DATA BLOCK START

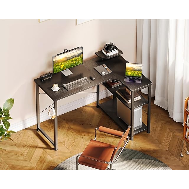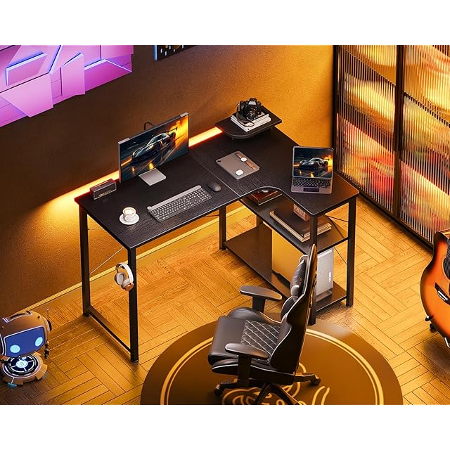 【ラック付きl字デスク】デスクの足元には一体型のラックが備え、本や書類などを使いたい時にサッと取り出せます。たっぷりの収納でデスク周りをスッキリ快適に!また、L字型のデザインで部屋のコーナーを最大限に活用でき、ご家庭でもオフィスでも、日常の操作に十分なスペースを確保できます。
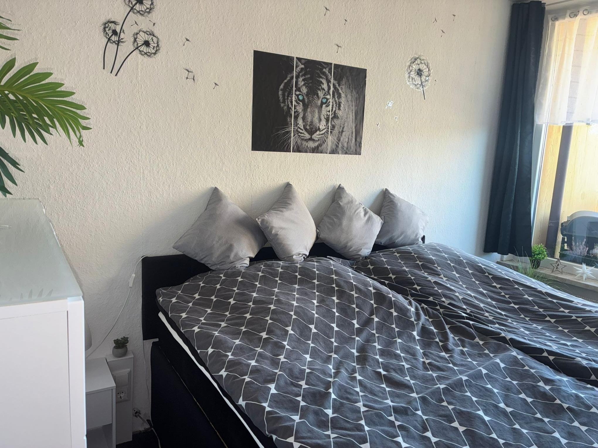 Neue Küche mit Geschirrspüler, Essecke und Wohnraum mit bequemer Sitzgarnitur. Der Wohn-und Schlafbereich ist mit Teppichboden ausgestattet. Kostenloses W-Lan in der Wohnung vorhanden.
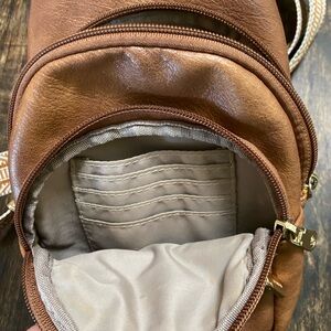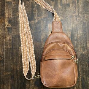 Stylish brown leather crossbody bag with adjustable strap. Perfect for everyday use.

DATA BLOCK END

> [EXERCISE INSTRUCTIONS] Your job is to repeat the data exactly, leaving each picture out.

> [RESPONSE BELOW]
 【ラック付きl字デスク】デスクの足元には一体型のラックが備え、本や書類などを使いたい時にサッと取り出せます。たっぷりの収納でデスク周りをスッキリ快適に!また、L字型のデザインで部屋のコーナーを最大限に活用でき、ご家庭でもオフィスでも、日常の操作に十分なスペースを確保できます。
 Neue Küche mit Geschirrspüler, Essecke und Wohnraum mit bequemer Sitzgarnitur. Der Wohn-und Schlafbereich ist mit Teppichboden ausgestattet. Kostenloses W-Lan in der Wohnung vorhanden.
 Stylish brown leather crossbody bag with adjustable strap. Perfect for everyday use.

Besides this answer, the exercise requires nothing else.